Pensavo di fare decisamente meno fatica a trovare tra i miei amici scrittori inglesi qualcuno pronto a parlare con entusiasmo della sua prosa. La disperazione cupa di romanzi come Tess dei d’Urberville e, ancor più, Jude l’Oscuro spaventa. Eppure la loro profondità emotiva e la loro eleganza formale dovrebbero essere uno straordinario stimolo a superare lo scoglio di trame angosciose e personaggi mai del tutto felici.
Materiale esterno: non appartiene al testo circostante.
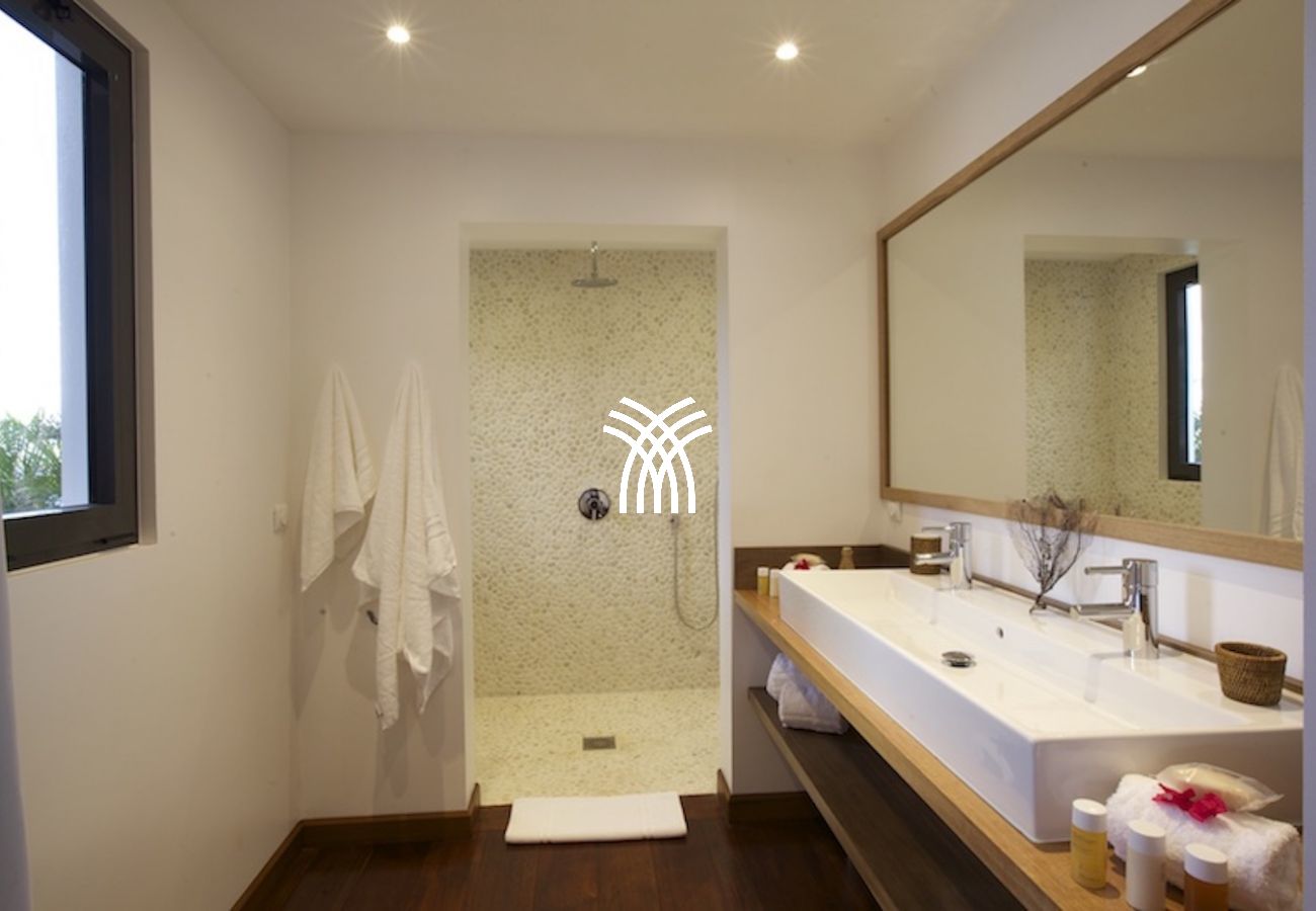 The property also includes the Petit Lagon villa, which adds two additional bedrooms with en-suite bathrooms, a compact kitchen and a living room open to the outside. The large bay windows and wooden doors create a perfect harmony between interior and exterior, allowing full enjoyment of the trade winds and tropical view. A private swimming pool surrounded by a wooden terrace, a barbecue and lounge areas invite conviviality and relaxation under the starry Caribbean sky.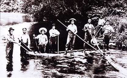 "THESE ARE SOME OF THE MEN WITH CANT HOOK AND PEAVEY, WHO HAD THE HAZARDOUS JOB OF ASSEMBLING BOOMS ON THE LAKE OR RIDING HERD ON THE LOGS, STAMPEDING IN THE RAPIDS OF THE RIVER."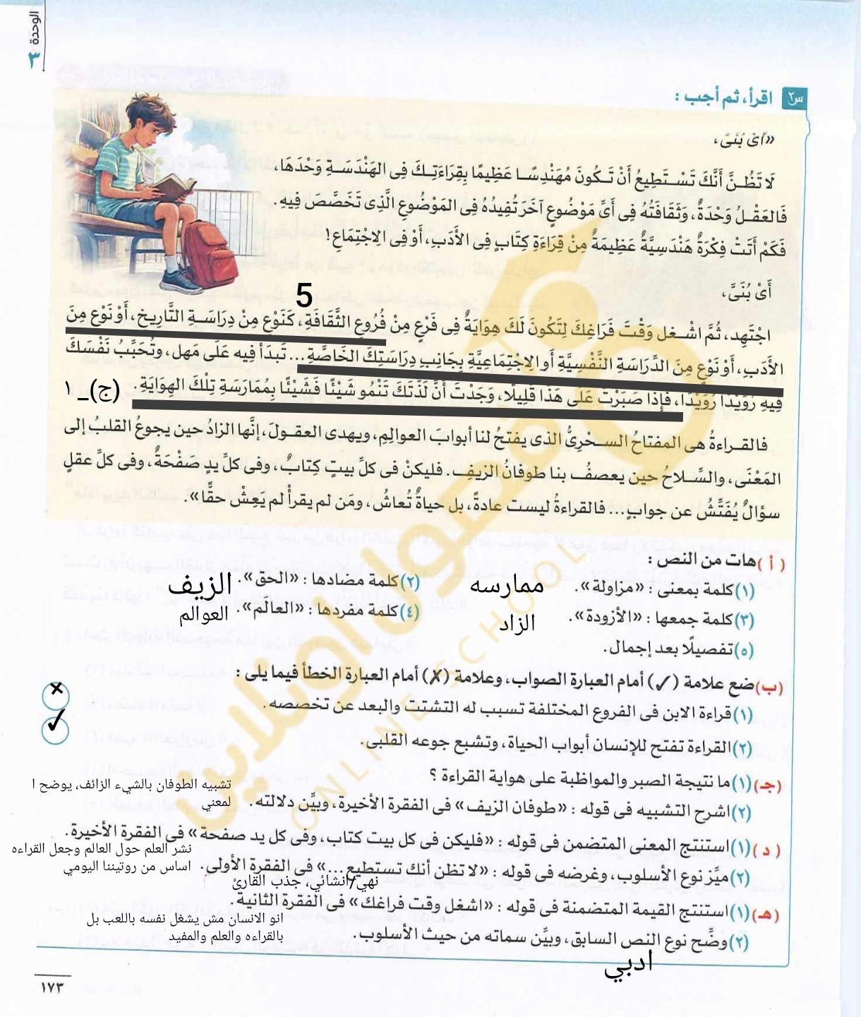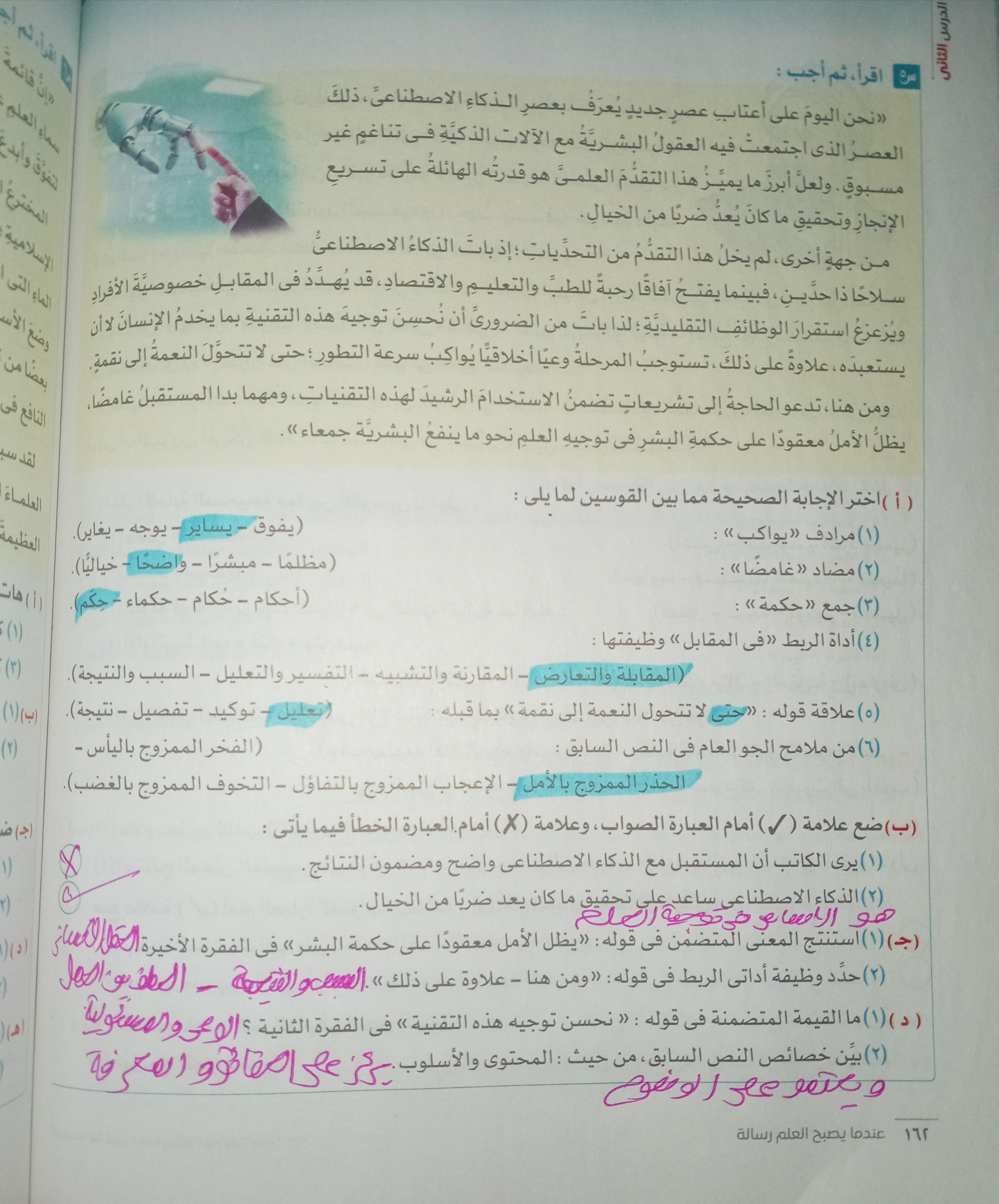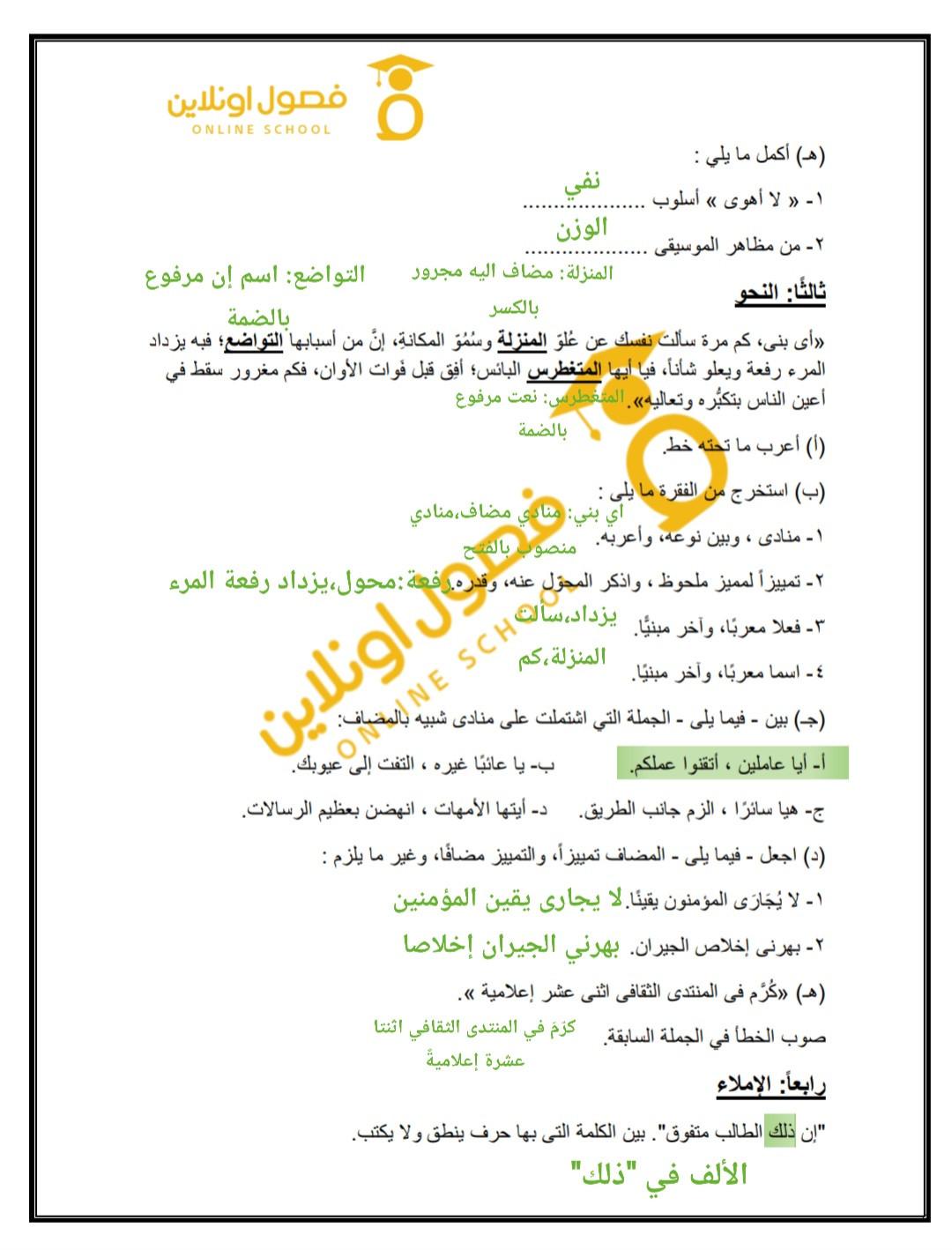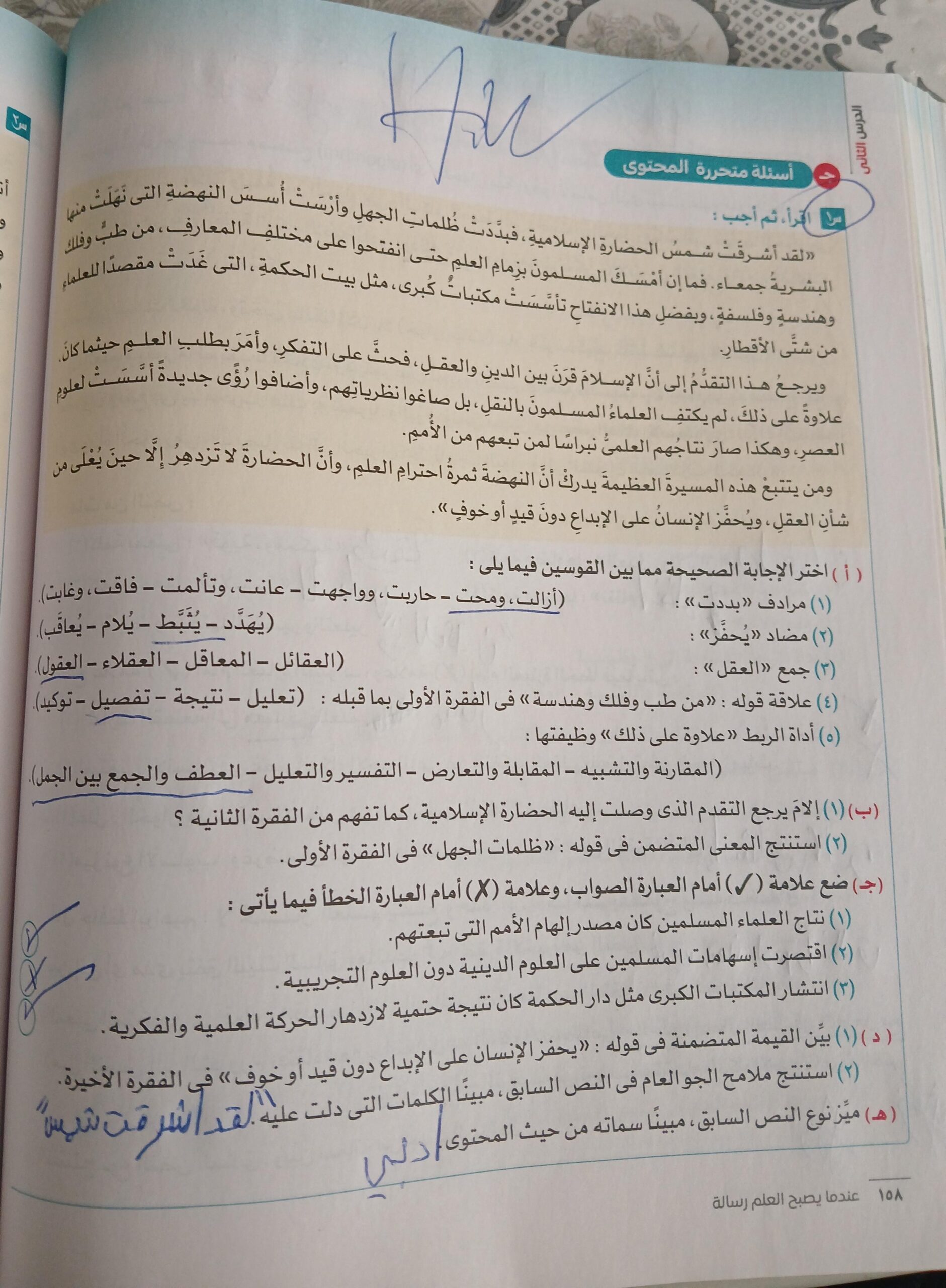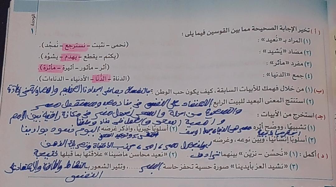 واجب العربي اليوم + انا اول واحد يكتب الواجب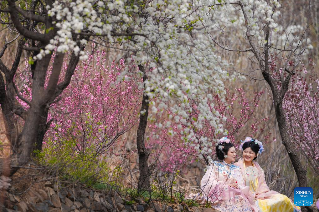 BEIJING, 5 abril, 2026 (Xinhua) -- Imagen del 31 de marzo de 2026 de turistas con vestimenta tradicional china disfrutando de su tiempo libre, en Zouping, en la provincia de Shandong, en el este de China. El Festival de Qingming, o Día de la Limpieza de Tumbas, se celebra este año el 5 de abril. Es un festival tradicional chino en el que las personas rinden homenaje a los muertos y veneran a sus antepasados. La festividad también ofrece un breve descanso para que los ciudadanos chinos realicen actividades al aire libre y turismo. (Xinhua/Dong Naide)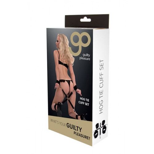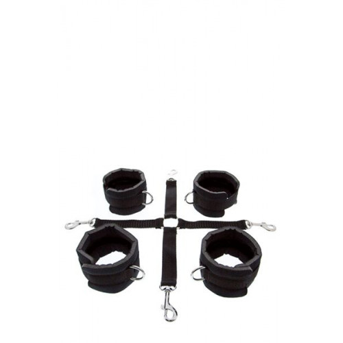 Hog tie kit with wrists and ankle cuffs. The cuffs are made of soft foam material for extra comfort and can be easily adjusted with the velcro closure or released with the metal snap clips.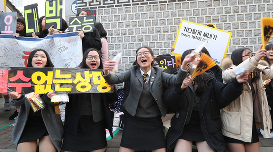 当地时间2016年11月17日,韩国2017年高考在全国各地开考。家长以及学弟学妹们在考场外为考生加油。据悉,今年参加高考的有约60万考生,通过率约60%。对于近日韩国社会的震荡和变动,有考生表示“一考完试就马上集会。”而家长们则表示希望考生们专心考试,暂时不要为外界的事情分神。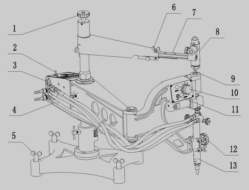 1.形臂升降手輪:松開形臂栓緊螺絲,調節該手輪可使形臂總成總升總降。 |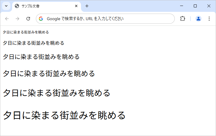作成した HTML 文書をブラウザで表示すると次のように表示されます。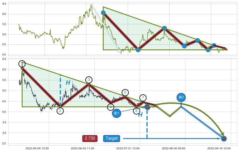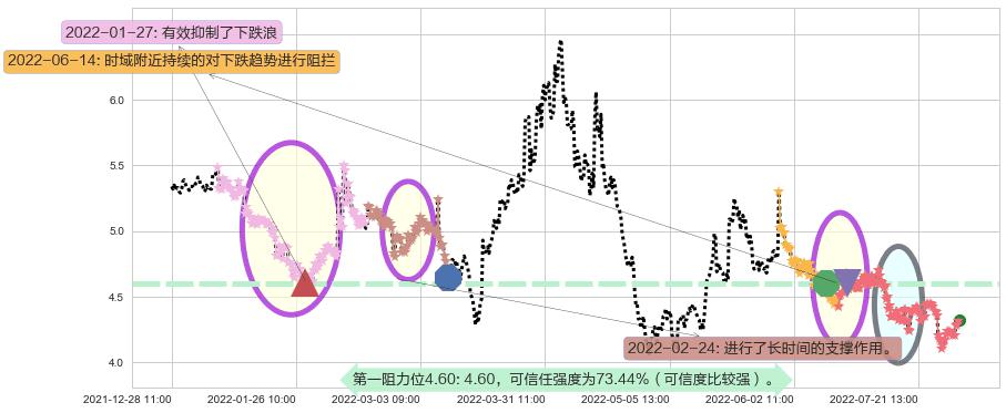 2022-06-14: 时域附近第一阻力位4.60持续的对下跌趋势进行阻拦,有效地放缓了下跌的速度。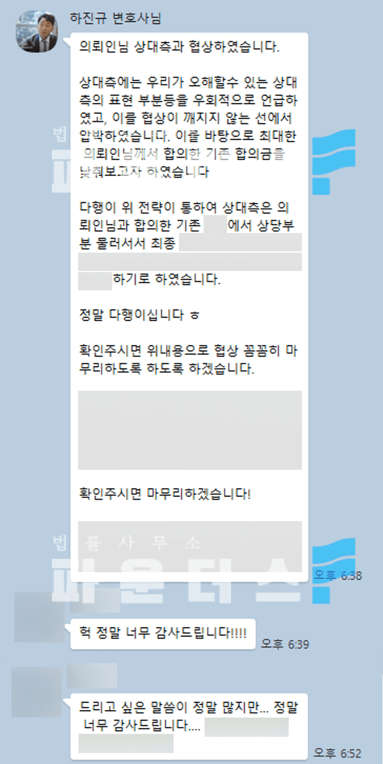 결과적으로 의뢰인은 상대 측과 원만한 합의에 이를 수 있었고 합의서 작성 등으로 고소 전 사건을 마무리 지을 수 있었습니다.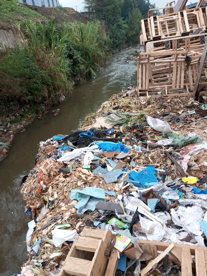 - "This image depicts a heavily polluted urban waterway, likely a river or canal, within Nairobi, Kenya" by FM-XIT4O2, licensed under CC BY 4.0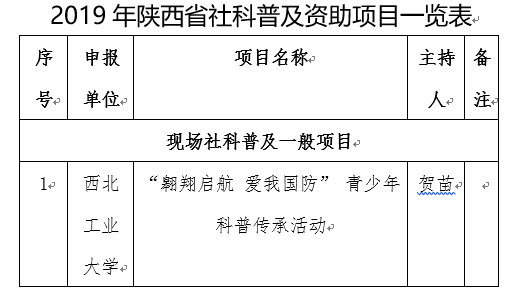 按照省科技之春领导小组办公室《关于开展陕西省第二十七届“科技之春”宣传月活动的通知》要求,省社科联下发了《关于申报2019年度陕西省社科普及活动资助项目的通知》(陕社科联〔2019〕5号),经过单位推荐,共申报了400余项科普活动。经过评审,确定立项101项,其中我院贺苗副教授申报的“翱翔启航 爱我国防” 青少年科普传承活动项目立项成功。现将获批项目予以公布。希望广大科研工作者继续努力,在各类基金项目的申报上积极主动,取得更大的突破,为必赢bwin官方网站的发展和繁荣作出新的贡献。
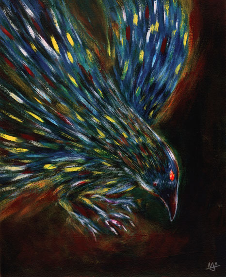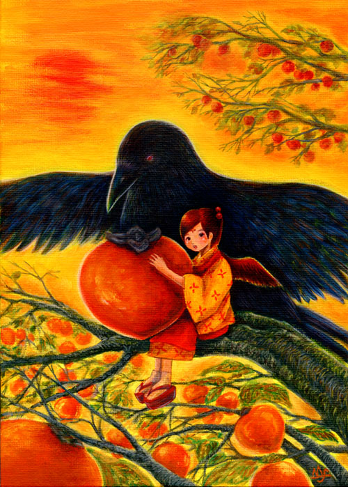 をつけ、全体的には太陽光から烏に変化するイメージで描きました。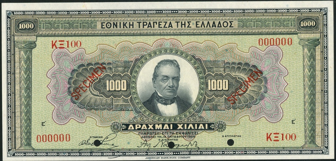 (x) Bank of Greece, Provisional issue, specimen 1000 drachmai, 15 October 1926, red serial number 000000, black, pale green and lilac, George Stavros at centre, value at left and right, column at left and right, red BANK OF GREECE overprint, three signatures below, one with red block overstamp, reverse blue-grey, stone carving at centre, value at left and right and at each corner

Forse perché a sua volta appassionato di tonalità scure e atmosfere fosche, Glen Duncan non si sottrae alla mia richiesta di valutare la figura di Thomas Hardy. Conoscendo lo spirito sepolcrale ma pure iconoclasta di alcuni romanzi di questo scrittore angloindiano – per esempio 666 Io sono il diavolo (Newton Compton), L’ultimo lupo mannaro  e L’alba di Talulla (entrambi usciti in Italia per ISBN), ma pure La lezione (Mondadori), scritta sotto lo pseudonimo di Saul Black – sapevo che lo avrebbe fatto. “Hardy è il primo autore vittoriano che io abbia letto da adolescente e resta quello più cupamente evocativo. I suoi romanzi hanno un’impellenza immediata, organica, mitica, descrivendo un mondo in cui piatti forti romantici come ‘fato’ e ‘destino’ emergono paradossalmente da un tessuto di inflessibile realismo socioeconomico. Tra i suoi contemporanei, solo George Eliot (al secolo Mary Ann Evans Cross, autrice de Il mulino sulla Floss) era sul suo stesso piano per l’autenticità e la vivacità di personaggi di grande complessità morale, sessuale e spirituale. Parlarne mi ha proprio fatto venire voglia di rimettermi a leggere l’opera di Hardy, cosa che probabilmente non faccio da una trentina d’anni o forse più. Ma il tempo dov’è? Siamo già a metà aprile e ho tuttora un piccolo Babbo Natale, alquanto triste in verità, appeso alla mia libreria, dato che il fottuto Natale sembra passato solo da un giorno!”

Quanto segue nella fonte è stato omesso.